== Task ==
Pictures are to be left out; every line from the one with "L’evento finale si" through the end of the data must be transcribed exactly.

Collected data:
=== Section Start ===

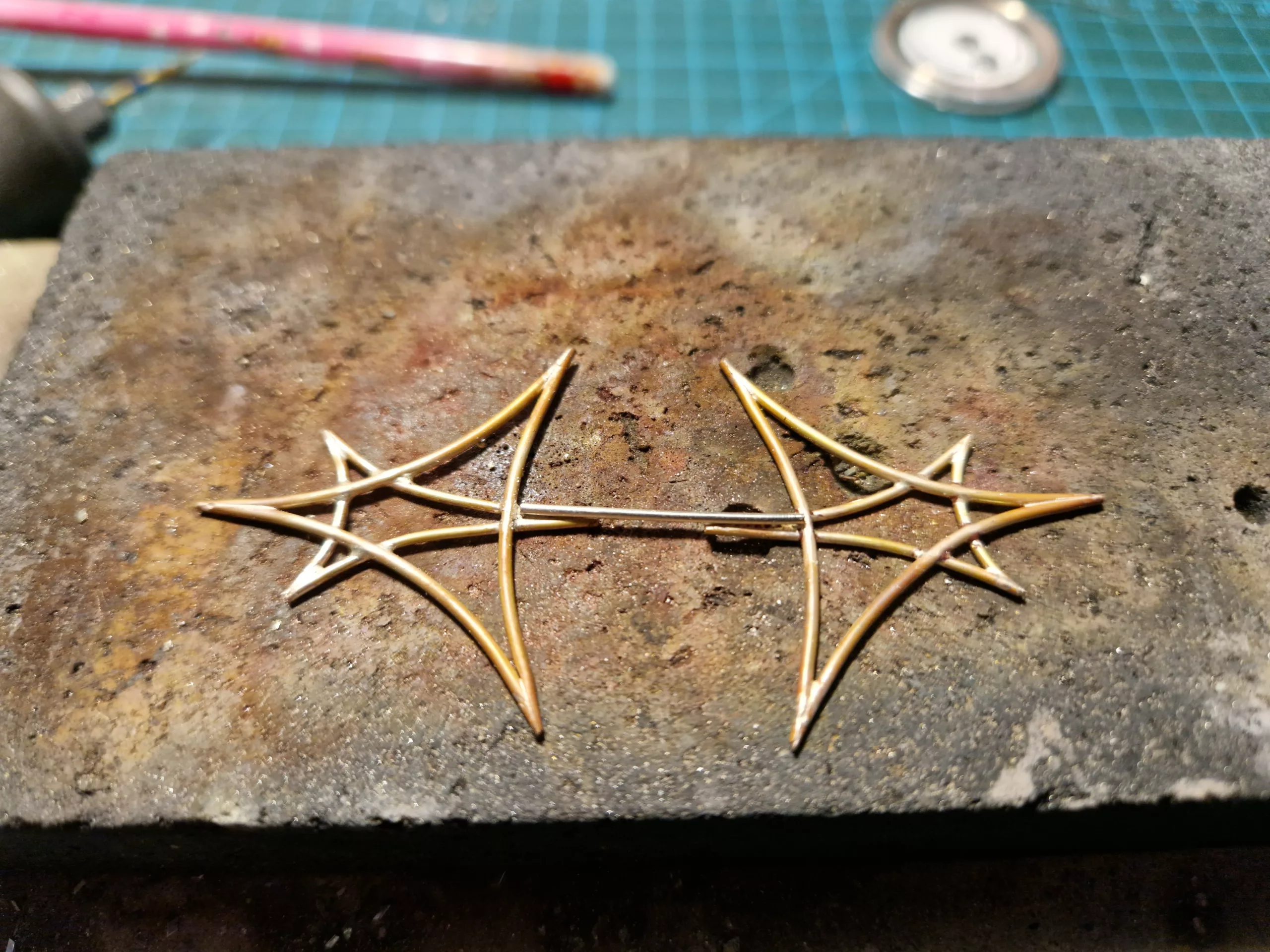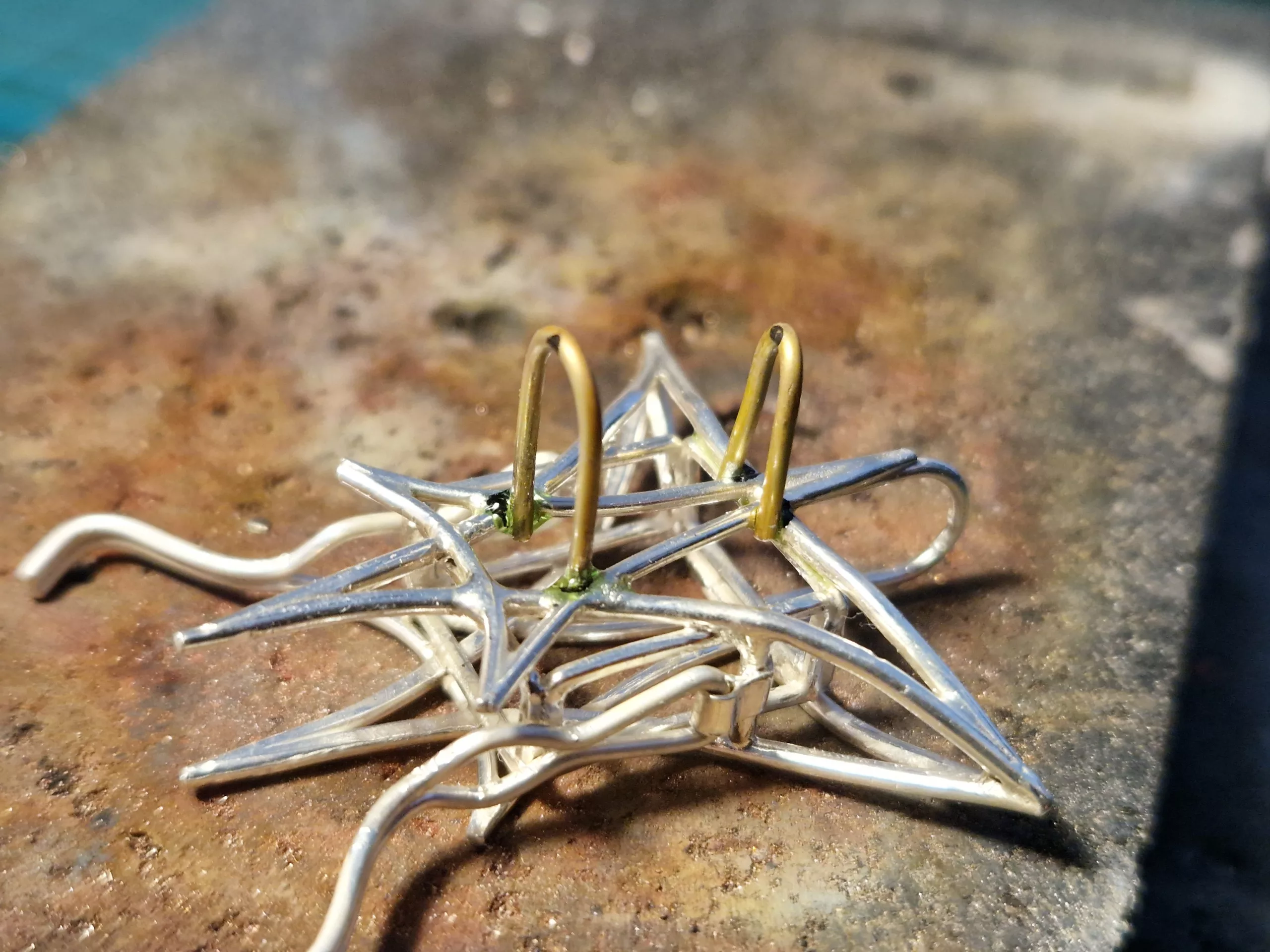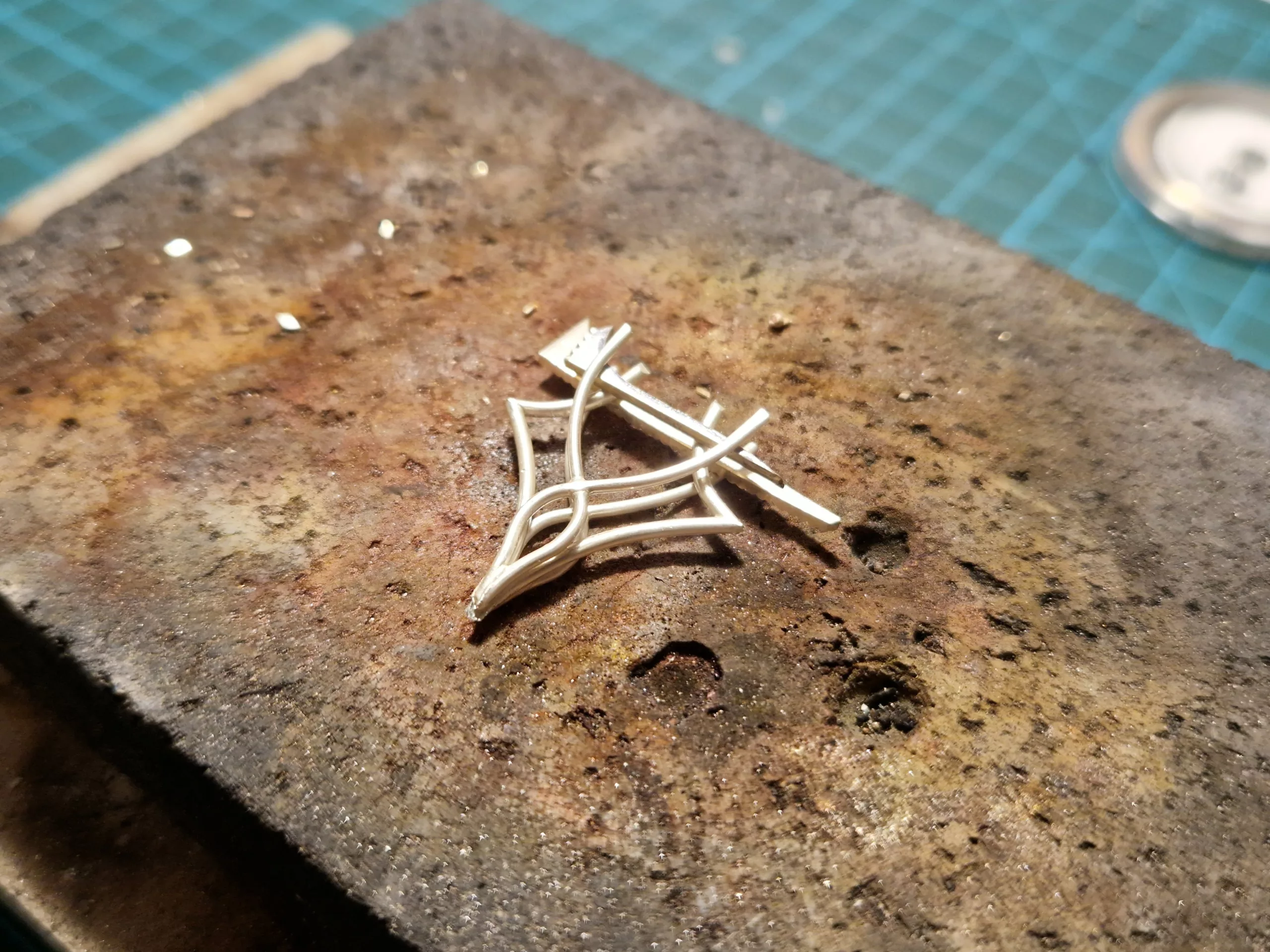 I mainly use pliers and cutters to cut and bend wires into the shape following the design sketch. Once all 3 decoration pieces are ready I solder them together by their pointy parts. It is important to join these pieces only at the pointy part so that it is possible to spread them wide enough to attach to the USB basket. In order to not solder the piece where they shouldn’t be I used a piece of scrap silver as a separator.
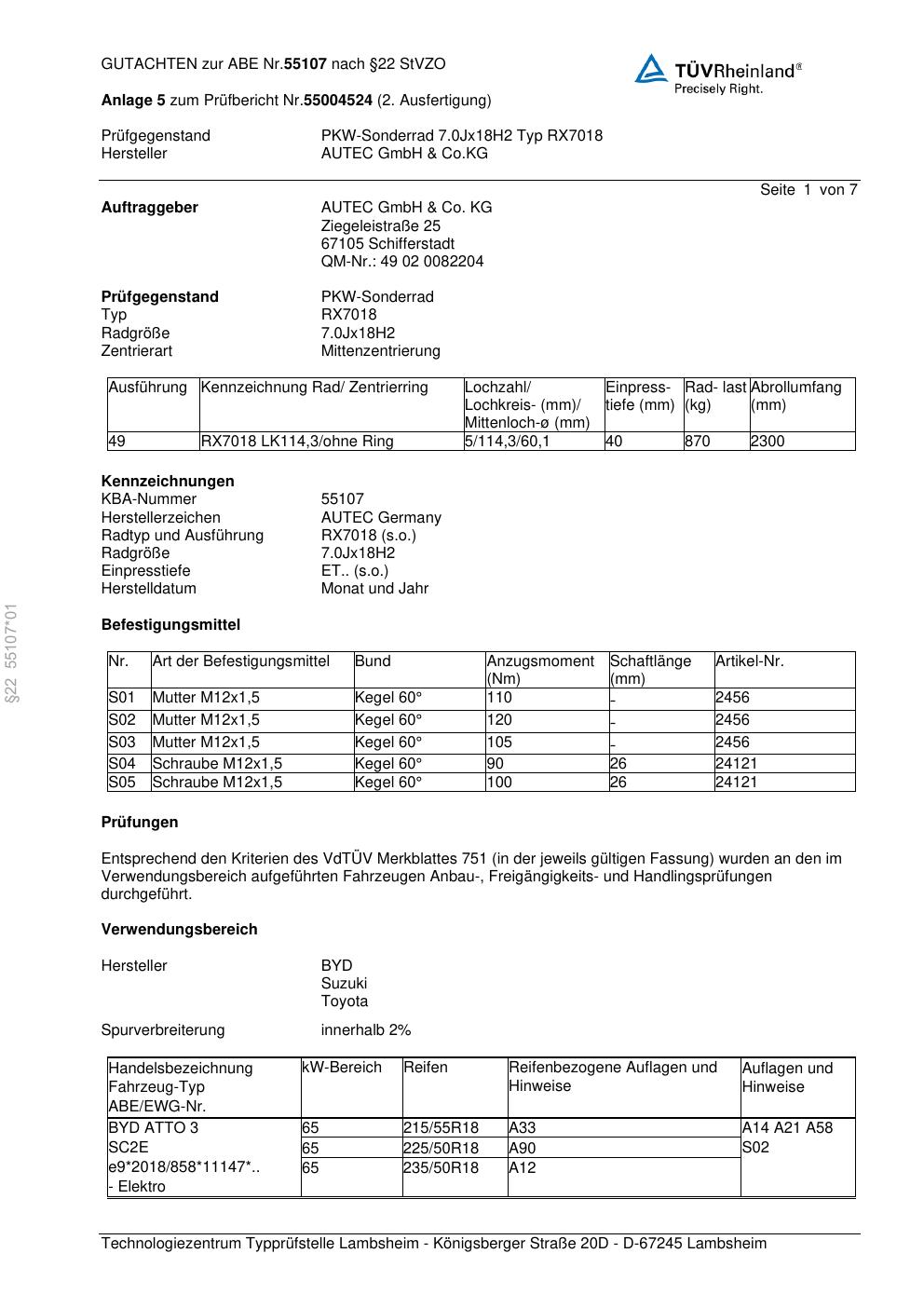 Dieses Gutachten (abe) bezieht sich auf die Alufelge Autec RX7018 in der Ausführung 7Jx18 ET 0, Mittenloch 0 mm (KBA 55107). Im PDF findest du typischerweise zulässige Reifengrößen, Auflagen/Anbauhinweise und – je nach Dokument – Hinweise zur Eintragung.
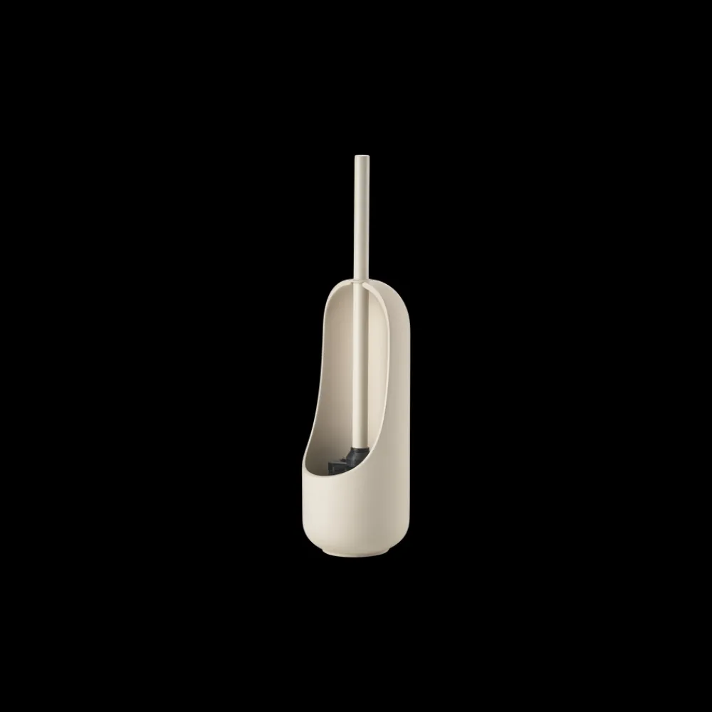 Toiletbørsten er en nyfortolkning af de traditionelle varianter på markedet. Takket være en åben bagside, kan du afhængig af vinkel selv vælge, om børsten skal skjules bagpå eller vendes udad. Trods det lette udtryk står toiletbørsten stabilt på gulvet. Grebet er godt, og det er nemt at rense kummen.
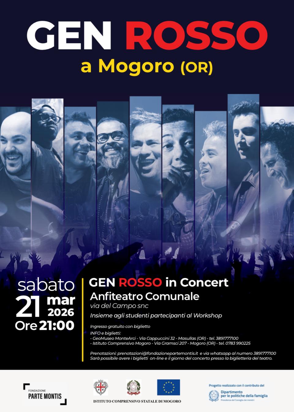 L’evento finale si terrà sabato 21 marzo 2026, alle ore 21:00, presso l’Anfiteatro Comunale di Mogoro, in via del Campo. Sul palco, l’energia e il messaggio del Gen Rosso si uniranno all’entusiasmo dei ragazzi che hanno preso parte ai workshop, dando vita a uno spettacolo intenso e ricco di significato.
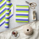 Lime Green, White and Blue Stripes Wrapping Paper

=== Section End ===

== Answer to this exercise ==
 L’evento finale si terrà sabato 21 marzo 2026, alle ore 21:00, presso l’Anfiteatro Comunale di Mogoro, in via del Campo. Sul palco, l’energia e il messaggio del Gen Rosso si uniranno all’entusiasmo dei ragazzi che hanno preso parte ai workshop, dando vita a uno spettacolo intenso e ricco di significato.
 Lime Green, White and Blue Stripes Wrapping Paper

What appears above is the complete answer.